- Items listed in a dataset
————
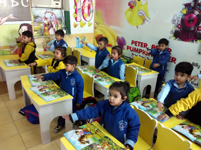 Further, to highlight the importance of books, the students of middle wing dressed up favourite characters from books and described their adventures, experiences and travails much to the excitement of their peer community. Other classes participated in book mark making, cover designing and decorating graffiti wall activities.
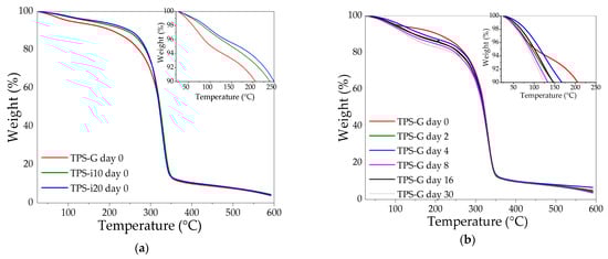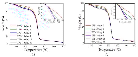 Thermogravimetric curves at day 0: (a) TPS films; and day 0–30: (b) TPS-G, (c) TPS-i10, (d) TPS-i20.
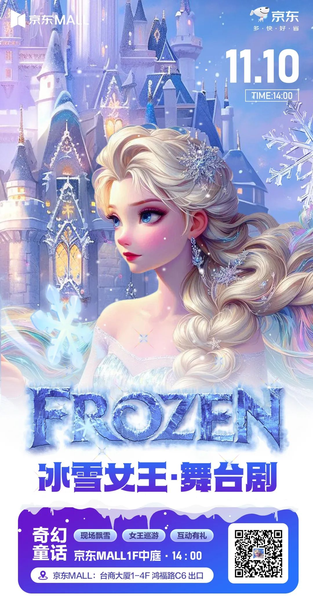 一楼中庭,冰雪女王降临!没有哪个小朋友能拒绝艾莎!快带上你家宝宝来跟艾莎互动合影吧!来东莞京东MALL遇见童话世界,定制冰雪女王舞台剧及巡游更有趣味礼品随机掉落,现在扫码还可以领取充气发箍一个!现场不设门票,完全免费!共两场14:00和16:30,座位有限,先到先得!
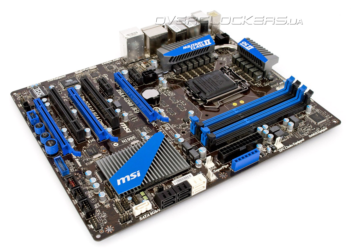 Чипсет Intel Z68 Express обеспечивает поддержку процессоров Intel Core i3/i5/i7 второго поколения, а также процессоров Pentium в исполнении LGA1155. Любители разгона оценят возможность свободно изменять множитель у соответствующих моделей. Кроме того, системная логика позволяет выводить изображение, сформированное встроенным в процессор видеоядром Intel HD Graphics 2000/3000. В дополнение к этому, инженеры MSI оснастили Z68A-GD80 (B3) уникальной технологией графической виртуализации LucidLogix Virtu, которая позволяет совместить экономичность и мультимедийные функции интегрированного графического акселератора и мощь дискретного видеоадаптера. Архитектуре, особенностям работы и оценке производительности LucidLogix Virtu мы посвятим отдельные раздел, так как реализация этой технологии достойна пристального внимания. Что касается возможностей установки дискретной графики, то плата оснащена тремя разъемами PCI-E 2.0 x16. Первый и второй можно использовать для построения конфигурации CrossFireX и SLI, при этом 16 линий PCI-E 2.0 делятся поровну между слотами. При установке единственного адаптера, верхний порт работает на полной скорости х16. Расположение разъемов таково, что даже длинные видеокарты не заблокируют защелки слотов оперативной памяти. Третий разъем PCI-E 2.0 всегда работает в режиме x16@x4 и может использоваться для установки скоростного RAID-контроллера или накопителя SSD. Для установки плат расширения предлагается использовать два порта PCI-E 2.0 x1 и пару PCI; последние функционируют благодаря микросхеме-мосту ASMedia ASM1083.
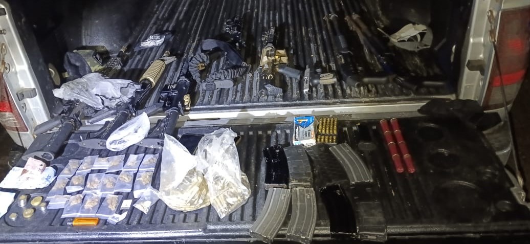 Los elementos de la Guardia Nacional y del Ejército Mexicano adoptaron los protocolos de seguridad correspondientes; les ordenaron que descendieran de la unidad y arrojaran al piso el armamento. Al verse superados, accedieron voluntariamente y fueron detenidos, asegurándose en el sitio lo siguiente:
————
Retype the records above word for word, from their first line through the line containing "一楼中庭,冰雪女王降临!没有", and leave out every picture.

- Completed task
 Further, to highlight the importance of books, the students of middle wing dressed up favourite characters from books and described their adventures, experiences and travails much to the excitement of their peer community. Other classes participated in book mark making, cover designing and decorating graffiti wall activities.
 Thermogravimetric curves at day 0: (a) TPS films; and day 0–30: (b) TPS-G, (c) TPS-i10, (d) TPS-i20.
 一楼中庭,冰雪女王降临!没有哪个小朋友能拒绝艾莎!快带上你家宝宝来跟艾莎互动合影吧!来东莞京东MALL遇见童话世界,定制冰雪女王舞台剧及巡游更有趣味礼品随机掉落,现在扫码还可以领取充气发箍一个!现场不设门票,完全免费!共两场14:00和16:30,座位有限,先到先得!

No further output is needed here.